FutureOn aims to make FieldTwin the industry standard for oilfield visualisation software. “But it’ll be an open standard,” Knight noted. “What we don’t want to do is to lock into proprietary formats or anything like that.”
Other companies can create and save their own assets for other companies to use. This synergy will assist FieldTwin in providing an immense library of common oilfield equipment, as well as helping EPCs promote their products. As more clients come on board, more assets and more information will come on stream.

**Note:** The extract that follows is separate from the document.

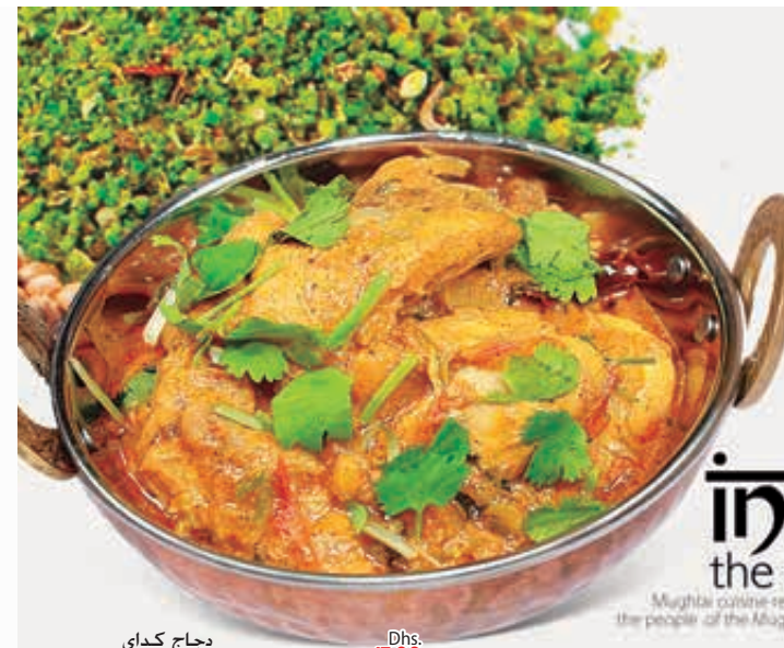
دجاج كدائي CHICKEN KADAI Dhs. 17.00

* Customers allergic to certain food ingredients may please inform us * The above pictures are for illustrious purpose. It may vary in actual presentation

“Because of the cost, companies want to use less custom equipment and they want to use lower cost equipment,” Knight said. “Enabling a dialogue as a digital discussion between well planners and field planners is one aspect that we are working with.”
“Subsea 7 are putting all their riser bundles as unique assets to make available to the industry,” Knight noted. “They have begun using our products to be able to make concept fields that use their equipment as opposed to other people’s equipment, so it helps them kind of put together a bid process more efficiently.
“McDermott’s the same: they partner with Baker Hughes as the equipment provider, so they want to be able to showcase a lot of Baker Hughes’ technology as part of their proposals.”
“We are trying to help people collaborate in a more efficient way,” Knight said. “It’s all about driving efficiency and saving money, from the concept phase all the way to production becoming cost-effective and able to support a low per barrel price of oil.”